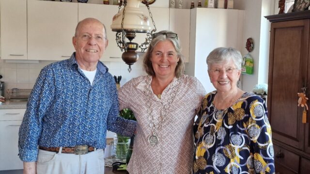 Woensdagochtend vroeg werd er al een prachtige bos bloemen bezorgd namens de gemeente Heemstede. In de loop van de middag kwam de burgemeester thuis langs bij het briljanten bruidspaar. 65 jaar getrouwd is zo bijzonder dat zij hier graag tijd voor vrijmaakte.
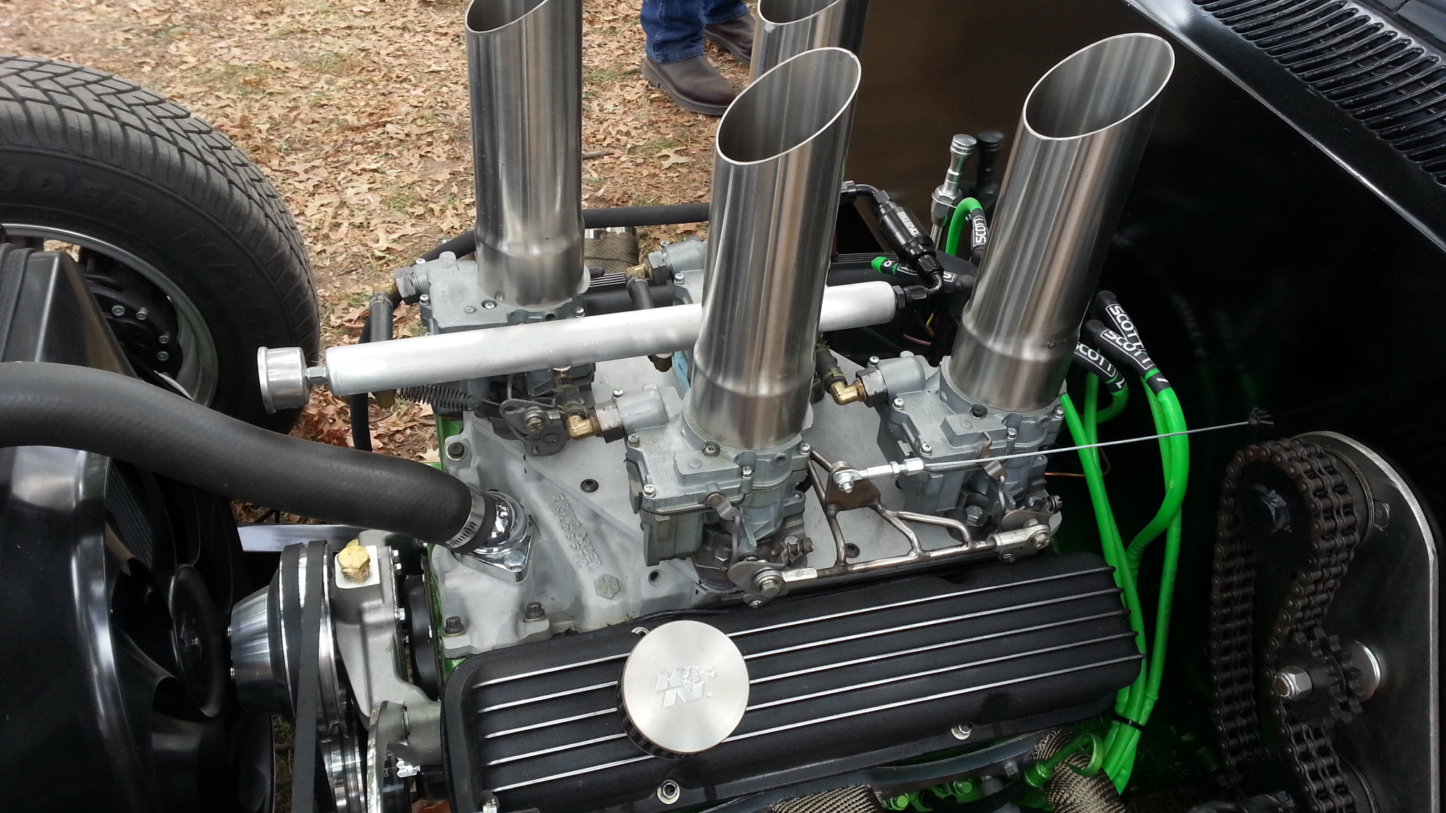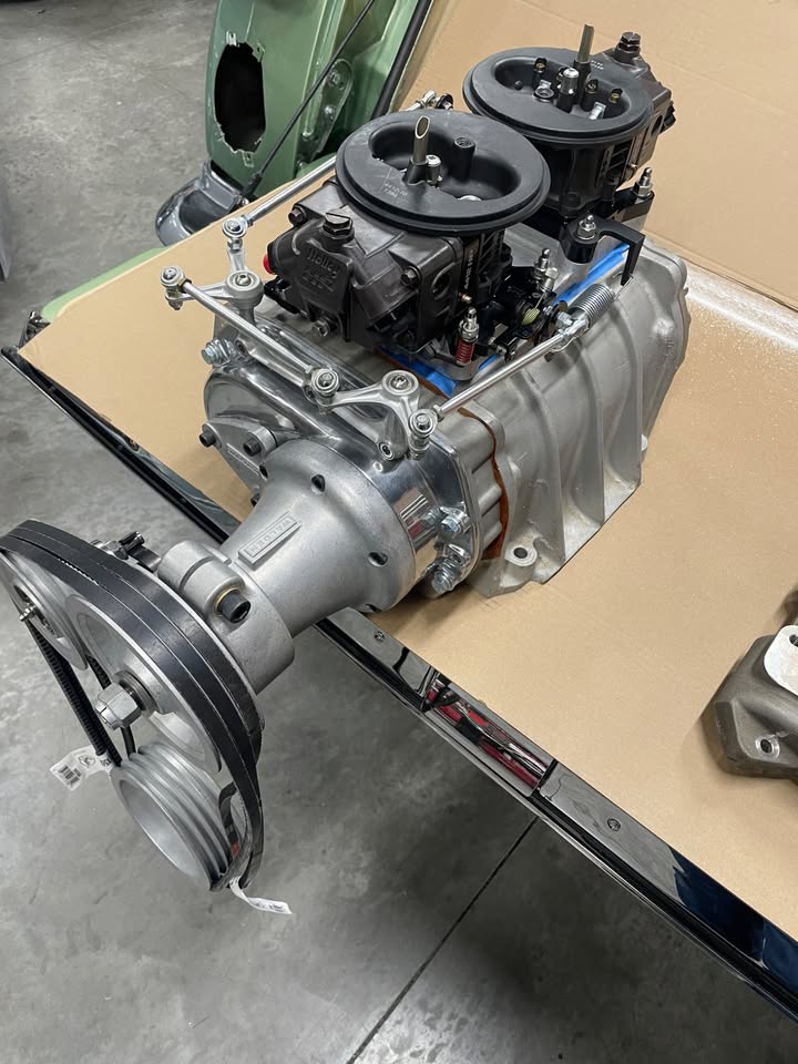 I put a little thought into mine. I ran this on my 360 inch small block Chevy in my 65 Chevelle. I sold it later at a swap meet and maybe a year or so later I seen it on this truck in a car show.
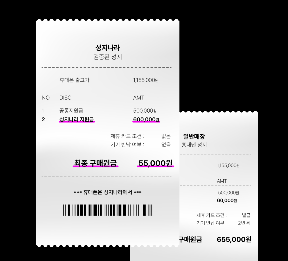 휴대폰 성지에서는 일반 대리점에서는

▶ **ABOUT THIS EXERCISE**
Reproduce the data above exactly, leaving each picture out.

▶ **ANSWER FOR THIS EXERCISE**
 Woensdagochtend vroeg werd er al een prachtige bos bloemen bezorgd namens de gemeente Heemstede. In de loop van de middag kwam de burgemeester thuis langs bij het briljanten bruidspaar. 65 jaar getrouwd is zo bijzonder dat zij hier graag tijd voor vrijmaakte.
 I put a little thought into mine. I ran this on my 360 inch small block Chevy in my 65 Chevelle. I sold it later at a swap meet and maybe a year or so later I seen it on this truck in a car show.
 휴대폰 성지에서는 일반 대리점에서는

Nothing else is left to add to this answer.